To develop and implement new features for the VitiCanopy smartphone application, to allow higher processing capabilities, increased flexibility and generation of data for different grapevine densities and training systems.
A previous Wine Australia project (UA 1207) developed a free smartphone and tablet app called VitiCanopy, which enables growers to characterise the canopy architecture and leaf area index of their grapevines. These vine balance measurements are geotagged across a vineyard and can be associated with final yield and grape quality.
The VitiCanopy App will be further developed with new modules added to increase flexibility, generate accurate data for different training systems and vine densities and assess pruning weights. An important aim is to provide information about the links between canopy architecture, vine balance and berry/wine non-volatile and volatile chemical composition, sensory attributes and quality for different varieties, training systems and wine regions using machine learning methods.
A web-based software tool (VitiWeb) will be developed to allow batch analysis of multiple images taken in the field and the option of Geographic Information Systems (GIS)-generated maps of vigour and other architectural parameters, allowing users to assess spatial differences in canopies across a vineyard. VitiWeb will also be able to analyse canopy architecture using remote sensing imagery from users, based either on Unmanned Aerial Systems platforms or satellite information.

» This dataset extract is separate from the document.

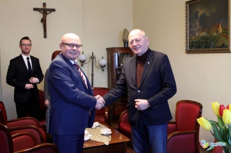 W gabinecie prezydenta Ryszarda Nowaka odbyło się spotkanie z Członkiem Zarządu Województwa Małopolskiego Leszkiem Zegzdą, dotyczące nieruchomości zajmowanych przez Wojewódzką Instytucję Kultury Małopolskie Centrum Kultury "Sokół" w Nowym Sącz i procesu zamiany nieruchomości pomiędzy Województwem Małopolskim a Miastem Nowy Sącz. W spotkaniu uczestniczyli także dyrektor Departamentu Rozwoju Gospodarczego Urzędu Marszałkowskiego Robert Maciaszek oraz kierownik Zespołu ds. Mienia Marzena Gadzik-Wójcik.

The link between bud fruitfulness and canopy management will also be investigated to achieve more accurate early yield predictions, through bud dissection, image analysis and machine learning.
The new tools will be validated and delivered to key stakeholders via a benchmarking study across multiple wine regions and industry partners, using vineyards that produce grapes of different grades/quality.
This project will deliver refined vineyard management practices and tools that will assist the sector to achieve consistent production of high quality grapes and wine. It will provide objective region- and variety-specific information on the best canopy structure to achieve the desired fruit and wine quality.